You may want to follow these steps: (1) Find out all the poles of the integrand. (2) Check how many of these line inside the curve $|z| = 2$. (3) Find the residue at every pole identified in step (2). (4) Use the residue theorem to get your answer.

Answer 3

You can avoid using partial fractions this way.

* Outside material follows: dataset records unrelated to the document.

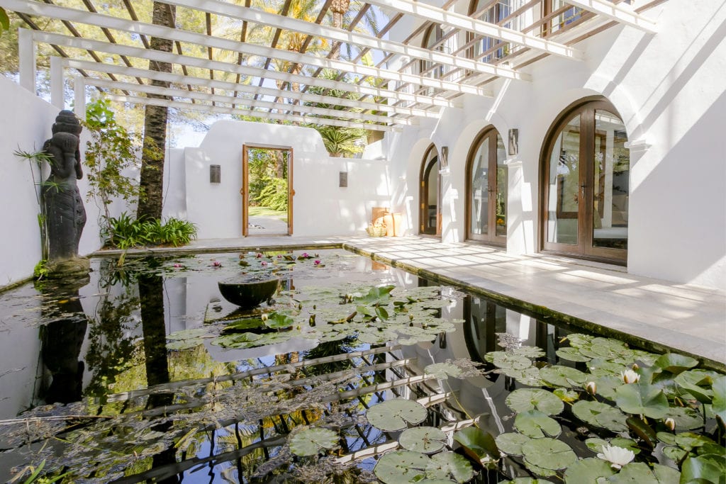 One of the first things that reminds me I am back at Atzaró is the distinctive croaking sounds of the frogs as I walk down the path, past the Buddha statues to the entrance of the 300 year old finca. Then there’s the abundance of orange trees (a symbol of love) and the brightly coloured fruit that has fallen off the trees, picked up and placed upon a table. Like the orange, Atzaró is happy, vibrant and attracts the attention of others. The rich aroma of the blossom, lavender and rosemary fill the air from the gardens.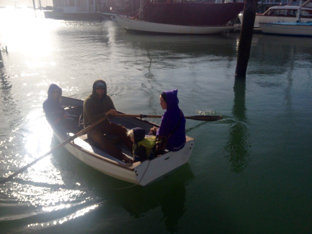 Oh it feels so nice when I get home from working all night (as an NICU RN at UCSF) and I’m greeted by my family rowing in to get me. Today, rather than picking me up and taking me back out , they hopped out of the dinghy to roam around on land for the day. I hopped in the dinghy to row it back to the boat so that I can get a few hours of sleep in. This seems to work pretty well for us, but we are definitely looking forward to when we leave and have a good little break from work. Off to bed I go. Goodnight San Francisco. Enjoy the foggy day 🙂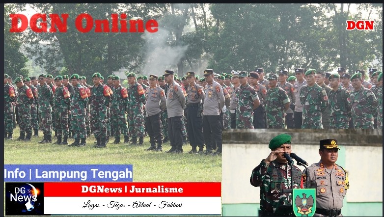 DGNews | Komandan Kodim 0411/KM Letkol Arh Rendra Febrandari Suparman,S.I.P didampingi Kapolres Lampung Tengah, AKBP Andik Purnomo Sigit, S.H., S.I.K., M.M memimpin Apel gelar pasukan dalam rangka Pengamanan VVIP kunjungan kerja Presiden RI Ir. Joko Widodo, bertempat di Lapangan Sepak Bola Transad Kampung Poncowati Kecamatan Terbanggi Besar Kabupaten Lampung Tengah, Rabu (10/7/24) pagi.

This function that you have has two simple poles at $z=i$ and $z=-i$, both of which are inside the circle $|z| = 2$. Thus the integral is

$$\int_{|z|=2} \frac {1}{z^2+1}dz = 2\pi i \left( \text{Res}_i \frac {1}{z^2+1} +\text{Res}_{-i} \frac {1}{z^2+1}\right).$$

Now,

$$\text{Res}_i \frac {1}{z^2+1} = \text{Res}_i \frac {\frac{1}{z+i}}{z-i} = \frac{1}{2i}$$and

$$\text{Res}_{-i} \frac {1}{z^2+1} = \text{Res}_{-i} \frac {\frac{1}{z-i}}{z+i} = \frac{-1}{2i}.$$

What we have used here s the following:

If $g(z)$ has a simple pole at $z_0$, then

$$\text{Rez}_{z_0} \frac{f(z)}{g(z)} = \frac{f(z_0)}{g'(z_0)}.$$

Answer 4

First write $$ \oint_{|z|=2}\frac{1}{z^2+1}dz=\oint_{|z-i|=1/2}h(z)\frac{1}{z-i}dz+\oint_{|z+i|=1/2}k(z)\frac{1}{z+i}dz $$ where $h(z)=\frac{1}{z+i}$ is holomorphic on a neighborhood of $|z-i|\le 1/2$ and $k(z)=\frac{1}{z-i}$ is holomorphic on a neighborhood of $|z+i|\le 1/2$. Using Cauchy's integral formula, the above becomes $$ 2\pi i h(i) + 2\pi i k(-i)=2\pi i\frac{1}{i+i}+2\pi i\frac{1}{-i-i}=0. $$